* **SUPPLIED DATA**
↓↓↓

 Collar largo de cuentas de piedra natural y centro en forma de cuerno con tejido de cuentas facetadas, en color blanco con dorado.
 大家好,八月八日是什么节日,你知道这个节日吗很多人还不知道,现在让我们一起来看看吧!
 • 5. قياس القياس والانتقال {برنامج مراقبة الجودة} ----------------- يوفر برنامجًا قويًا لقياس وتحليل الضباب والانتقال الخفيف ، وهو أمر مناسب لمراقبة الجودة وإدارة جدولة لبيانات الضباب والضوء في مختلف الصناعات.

↑↑↑
↓↓↓

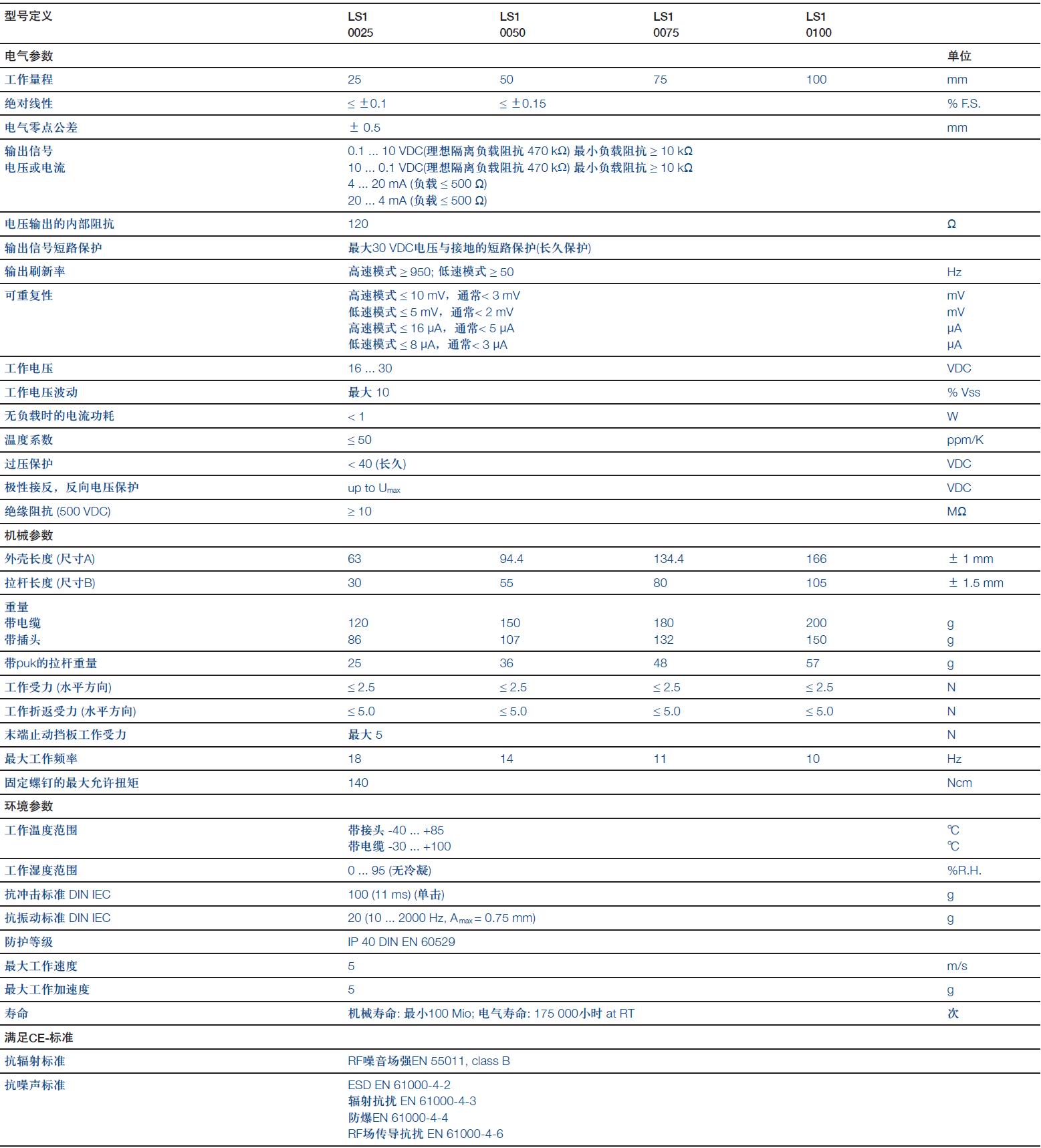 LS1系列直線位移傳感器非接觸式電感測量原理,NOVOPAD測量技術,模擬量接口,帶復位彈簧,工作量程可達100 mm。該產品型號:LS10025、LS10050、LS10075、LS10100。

↑↑↑

* **TRY IT**
Send back exactly the lines of the listing above starting at the one with "Collar largo de" and ending at the one with "في مختلف الصناعات.", inclusive, and no others.

* **RESPONSE TO THIS TASK**
 Collar largo de cuentas de piedra natural y centro en forma de cuerno con tejido de cuentas facetadas, en color blanco con dorado.
 大家好,八月八日是什么节日,你知道这个节日吗很多人还不知道,现在让我们一起来看看吧!
 • 5. قياس القياس والانتقال {برنامج مراقبة الجودة} ----------------- يوفر برنامجًا قويًا لقياس وتحليل الضباب والانتقال الخفيف ، وهو أمر مناسب لمراقبة الجودة وإدارة جدولة لبيانات الضباب والضوء في مختلف الصناعات.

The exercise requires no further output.